Но на следующий день все опять пошло не так. До пяти утра я писала сценарий (да, там был этот Калигула, именно поэтому у меня такие запросы в Сети, неужели эмиссару не понятно?). А в восемь утра позвонил Валентин:
– Это ты что мне прислала? – спросил начальник.

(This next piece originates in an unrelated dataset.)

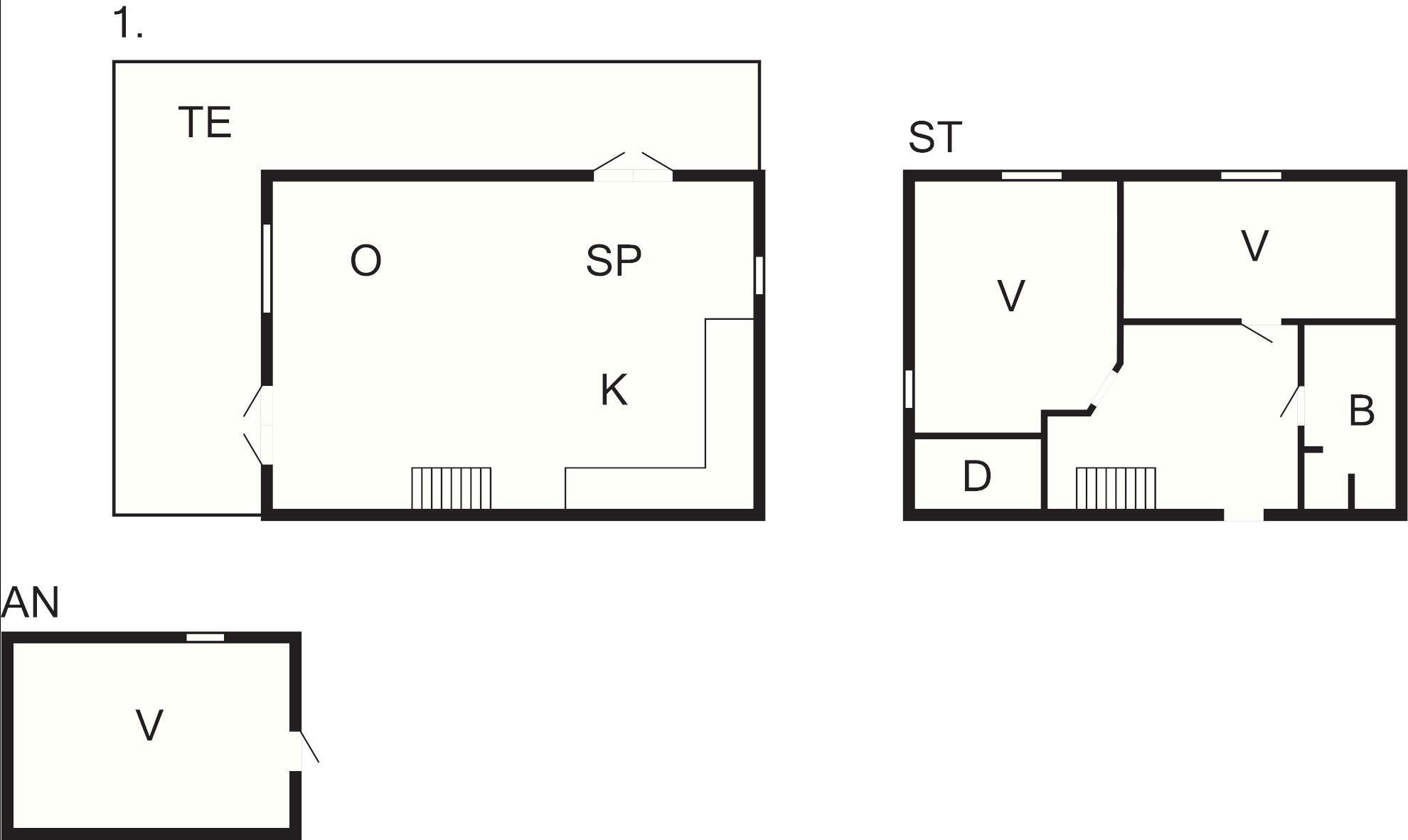 - 1. sal: Åbent køkken og stue med to udgange til enkel træterrasse mod syd og vest, hvor I kan nyde udelivet.

Вопрос не предвещал ничего хорошего.
– Сценарий, – мрачно ответила я.
– Нет, ты мне прислала не сценарий. Ты мне прислала проходной текст, который может написать любой ломаный алгоритм. А мне нужен от тебя человеческий сценарий, поняла? Напомнить, зачем я тебя держу и сколько ты мне стоишь? На одну твою зарплату я могу купить два лицензионных алгоритма! Два! И они тут же окупятся!
Я вздохнула:
– Что не так со сценарием?
– Все не так, – голос Валентина как будто торжествовал. – Абсолютно все не так! Нет главного! Че-ло-ве-чес-ко-го!
Он говорил почти час: громко, образно, явно любуясь собой и звуком своего голоса. Странная вещь: пока начальник говорит, всегда кажется, что он сообщает очень важные и правильные вещи по существу дела. А когда разговор заканчивается, с трудом можно выделить из вышесказанного одну или две расплывчатые мысли.
– Нечто человеческое, Лара! Был такой писатель Мо-эм!..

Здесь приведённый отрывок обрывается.